## TASK GOAL:
From the records below, print only the part that opens with the line containing "नुवाकोट । जिल्ला" and closes with the line containing "Здесь вам также"; omit the pictures.

## PROVIDED RECORDS:
▶
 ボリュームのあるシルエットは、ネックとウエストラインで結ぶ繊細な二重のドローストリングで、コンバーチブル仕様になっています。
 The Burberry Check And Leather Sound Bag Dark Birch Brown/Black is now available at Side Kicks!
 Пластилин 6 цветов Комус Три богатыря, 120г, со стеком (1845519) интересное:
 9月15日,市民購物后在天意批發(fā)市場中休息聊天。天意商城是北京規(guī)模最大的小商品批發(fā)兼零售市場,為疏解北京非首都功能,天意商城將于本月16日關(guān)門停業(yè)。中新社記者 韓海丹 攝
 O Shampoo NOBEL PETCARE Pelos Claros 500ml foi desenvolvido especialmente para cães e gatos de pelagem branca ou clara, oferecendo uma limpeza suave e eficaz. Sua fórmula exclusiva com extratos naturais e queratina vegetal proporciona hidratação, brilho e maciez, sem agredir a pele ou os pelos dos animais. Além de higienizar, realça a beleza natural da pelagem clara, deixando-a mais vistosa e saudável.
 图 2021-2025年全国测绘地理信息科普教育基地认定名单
◀
▶
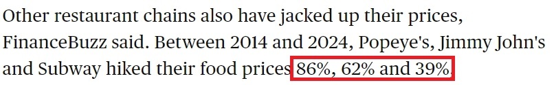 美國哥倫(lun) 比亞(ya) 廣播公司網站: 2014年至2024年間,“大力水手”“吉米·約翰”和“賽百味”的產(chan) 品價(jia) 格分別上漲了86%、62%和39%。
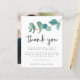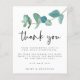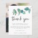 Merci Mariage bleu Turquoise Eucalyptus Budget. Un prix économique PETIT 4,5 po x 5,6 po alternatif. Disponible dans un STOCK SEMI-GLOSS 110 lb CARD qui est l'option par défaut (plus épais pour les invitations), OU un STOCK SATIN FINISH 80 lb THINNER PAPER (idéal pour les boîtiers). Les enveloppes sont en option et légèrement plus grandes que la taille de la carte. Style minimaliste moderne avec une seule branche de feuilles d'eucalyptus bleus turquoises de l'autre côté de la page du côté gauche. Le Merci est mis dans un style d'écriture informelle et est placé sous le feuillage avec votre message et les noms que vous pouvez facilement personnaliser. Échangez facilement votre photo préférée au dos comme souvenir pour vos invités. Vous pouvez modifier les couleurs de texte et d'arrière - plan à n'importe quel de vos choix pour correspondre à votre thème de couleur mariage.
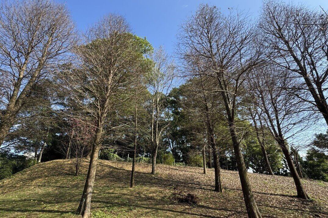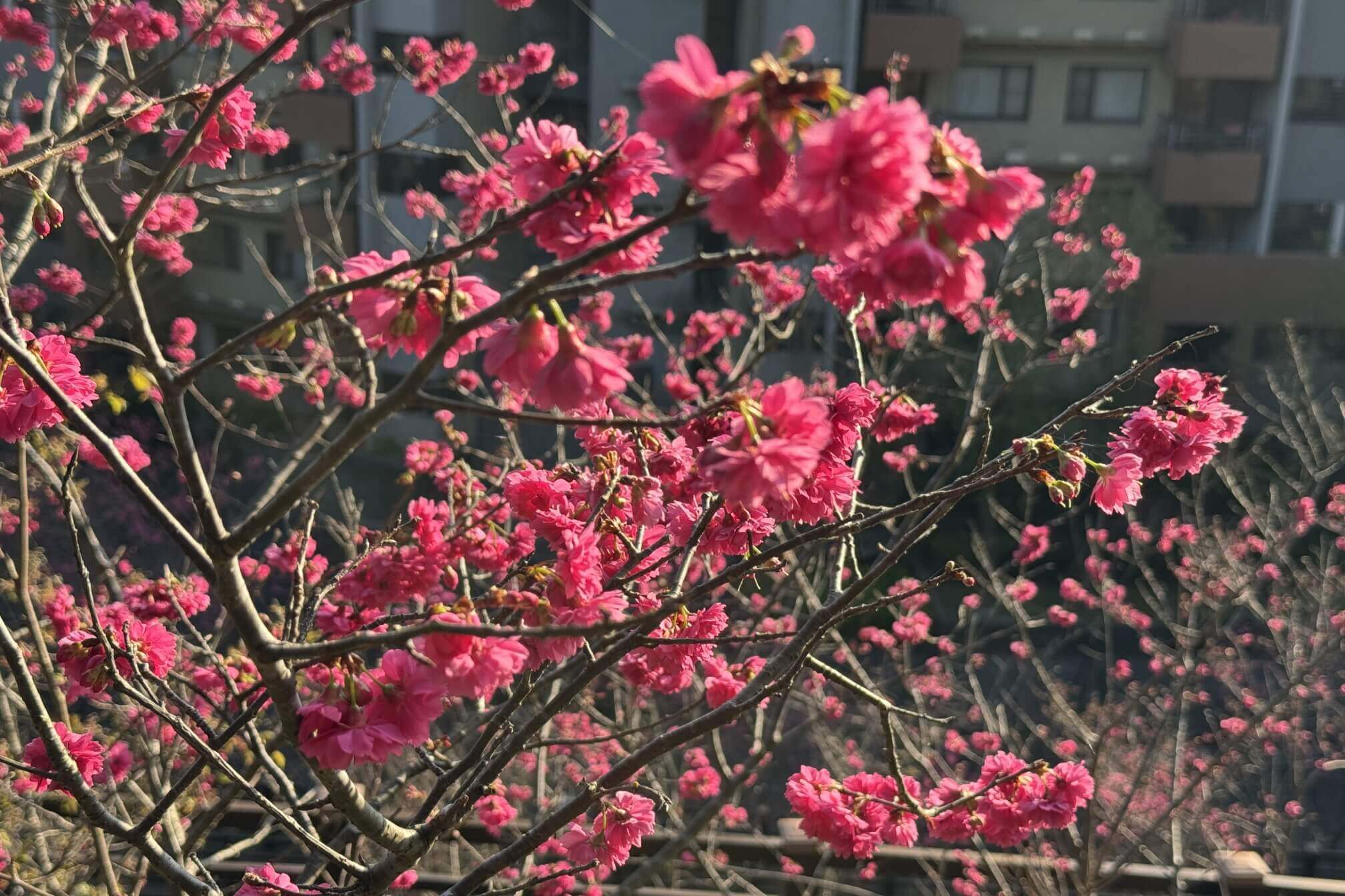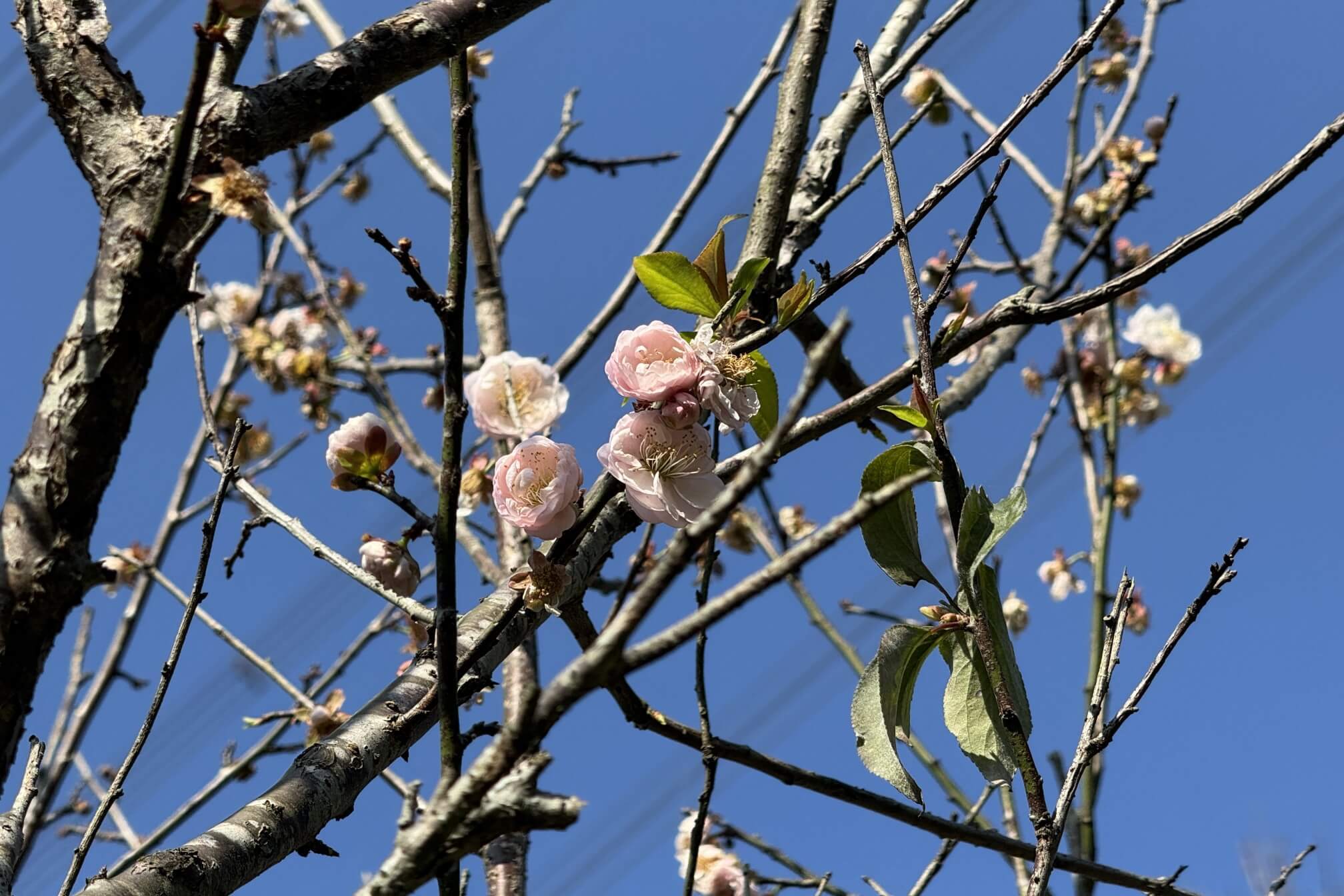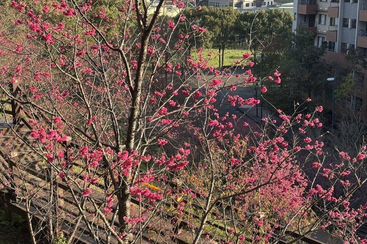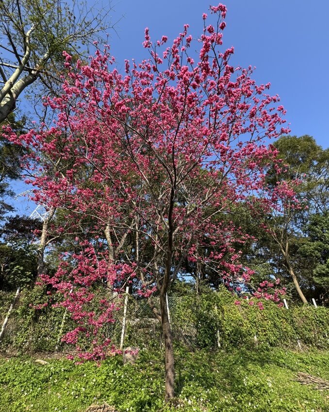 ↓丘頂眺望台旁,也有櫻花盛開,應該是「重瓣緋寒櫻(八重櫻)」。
◀
▶
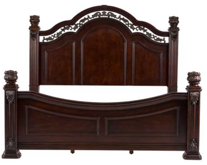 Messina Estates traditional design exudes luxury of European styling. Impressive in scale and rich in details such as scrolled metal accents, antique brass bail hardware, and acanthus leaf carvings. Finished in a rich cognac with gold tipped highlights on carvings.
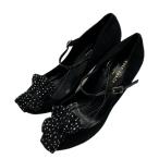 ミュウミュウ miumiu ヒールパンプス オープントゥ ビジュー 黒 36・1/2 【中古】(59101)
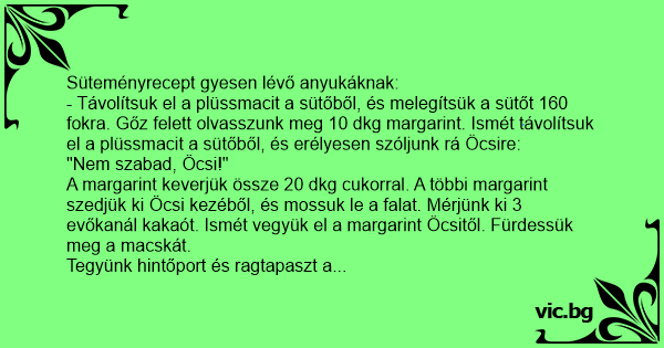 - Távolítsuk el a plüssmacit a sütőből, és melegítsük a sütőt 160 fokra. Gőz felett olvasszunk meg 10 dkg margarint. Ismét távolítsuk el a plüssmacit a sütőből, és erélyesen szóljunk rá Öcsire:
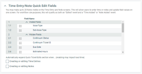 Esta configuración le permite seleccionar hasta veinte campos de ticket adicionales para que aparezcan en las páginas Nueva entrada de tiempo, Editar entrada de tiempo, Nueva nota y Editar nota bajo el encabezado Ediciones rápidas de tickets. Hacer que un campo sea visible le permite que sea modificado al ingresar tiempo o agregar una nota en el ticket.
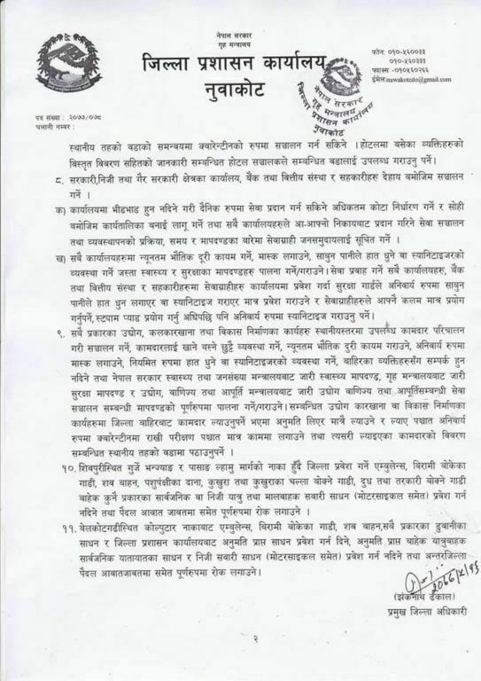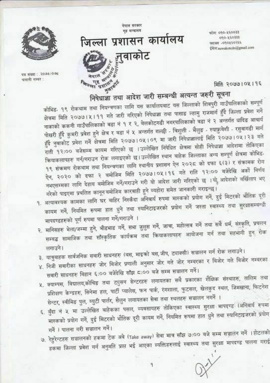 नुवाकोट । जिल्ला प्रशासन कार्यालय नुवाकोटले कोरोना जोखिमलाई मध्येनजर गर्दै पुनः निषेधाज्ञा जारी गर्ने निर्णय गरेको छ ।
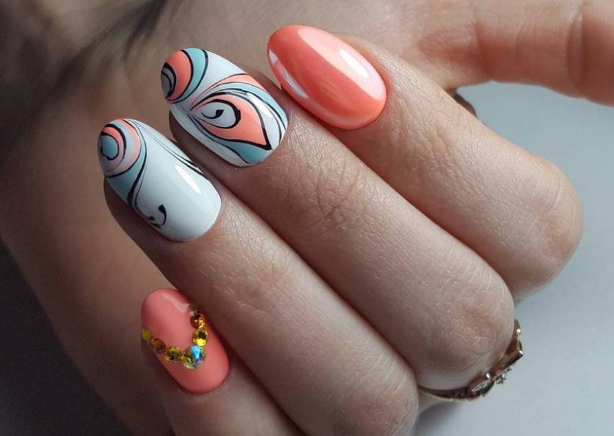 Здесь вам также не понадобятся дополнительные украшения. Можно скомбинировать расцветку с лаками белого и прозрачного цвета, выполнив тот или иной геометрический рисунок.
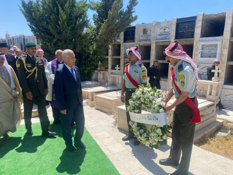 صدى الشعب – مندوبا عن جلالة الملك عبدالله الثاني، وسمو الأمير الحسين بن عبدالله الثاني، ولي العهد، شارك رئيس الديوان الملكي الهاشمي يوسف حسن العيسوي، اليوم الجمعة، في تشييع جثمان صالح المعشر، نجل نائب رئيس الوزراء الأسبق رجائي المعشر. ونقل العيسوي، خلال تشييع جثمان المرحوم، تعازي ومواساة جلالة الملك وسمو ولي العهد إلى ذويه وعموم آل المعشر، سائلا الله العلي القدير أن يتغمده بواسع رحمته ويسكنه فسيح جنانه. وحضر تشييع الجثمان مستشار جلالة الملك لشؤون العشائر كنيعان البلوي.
◀
## TASK RESPONSE:
 नुवाकोट । जिल्ला प्रशासन कार्यालय नुवाकोटले कोरोना जोखिमलाई मध्येनजर गर्दै पुनः निषेधाज्ञा जारी गर्ने निर्णय गरेको छ ।
 Здесь вам также не понадобятся дополнительные украшения. Можно скомбинировать расцветку с лаками белого и прозрачного цвета, выполнив тот или иной геометрический рисунок.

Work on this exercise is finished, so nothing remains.